Scuffles broke out in central Dublin at the launch of the anti-Islamisation group Pegida.
Hundreds of campaigners, from a number of grassroots groups, came out in protest.
Dublin City Councillor Ciaran Cuffe of the Green Party tweeted of a “strong security presence” and some protesters pursued several men they believed to be Pegida members from O’Connell Street down onto North Earl Street.
The streets were particularly busy. Worried families, including children who were in the city for a Chinese New Year festival, and sports fans who had arrived for the Ireland and Wales RBS 6 Nations rugby match, saw the commotion unfold.
Pegida’s Dublin launch was among a series of Europe-wide demonstrations against the growth of Islam in Europe.

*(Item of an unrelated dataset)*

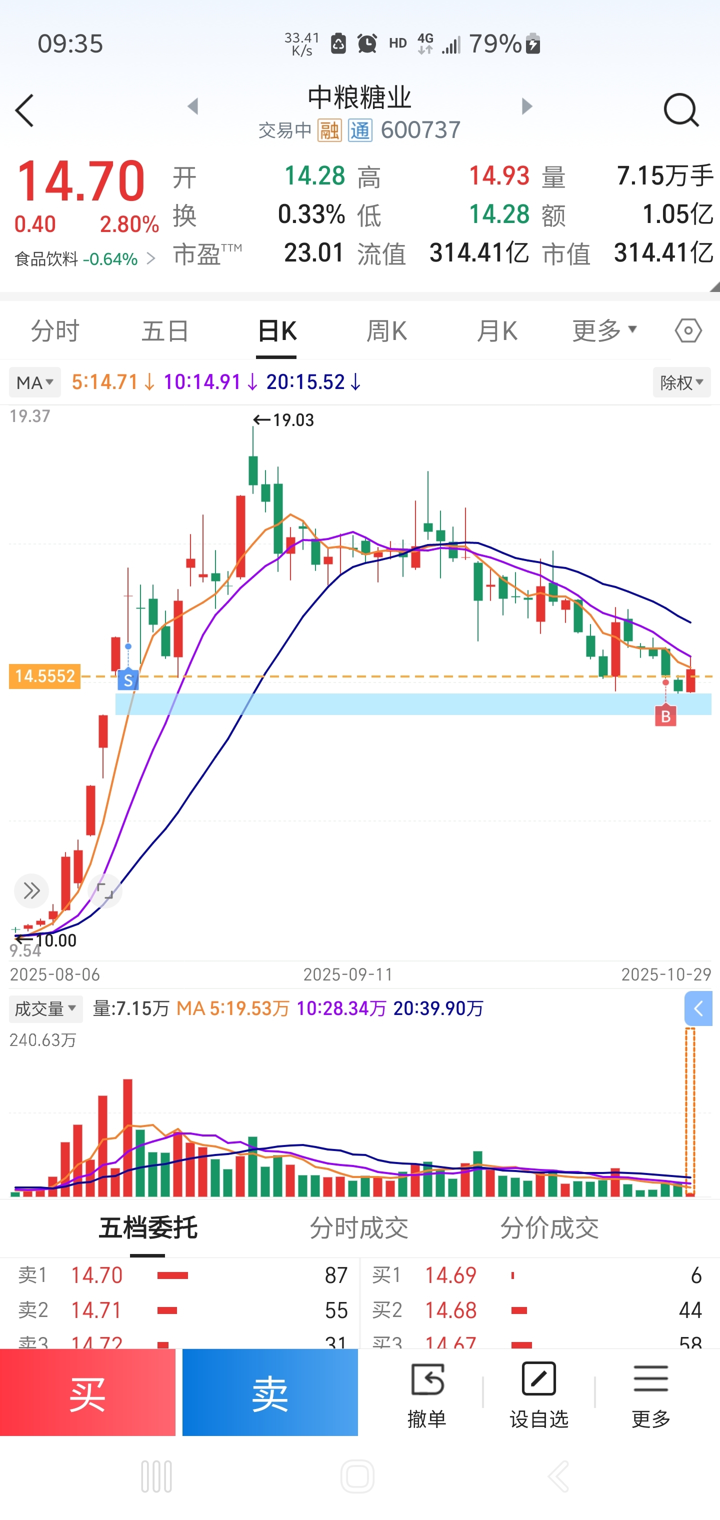 $中粮糖业(SH600737)$ 8月底清仓,之前说看到14就接回来,说到做到,但不是全接,各位可以做做参考

Banners declaring Love Not Hate and No To Islamophobia No To Pegida were held by protesters who came from different backgrounds.
Organisations such as People Before Profit, the Workers Solidarity Movement and Irish Muslim organisations were among the demonstrators.
Sinn Fein MEP for Dublin Lynn Boylan told an anti-racism rally on O’Connell Street: ” We are standing shoulder to shoulder in solidarity to show that there is no place in Ireland for racism and Islamophobia.
“There is no place in Ireland for hate.
“We are a welcoming nation because we are no strangers to migration.”
Pegida UK supporters, on a march near Birmingham, were seen holding banners featuring the smiling face of controversial US presidential hopeful Donald Trump and the words Trump Is Right.
Tommy Robinson, a Pegida UK organiser and the ex-leader of the English Defence League (EDL), told Sky News that monthly protests would be held in the West Midlands this year as a round 200 gathered for today’s event.
He said: “Europeans are going to take to the streets in mass numbers opposing what is happening to their country, opposing because they don’t feel safe … I want to be the man that orchestrates it here.”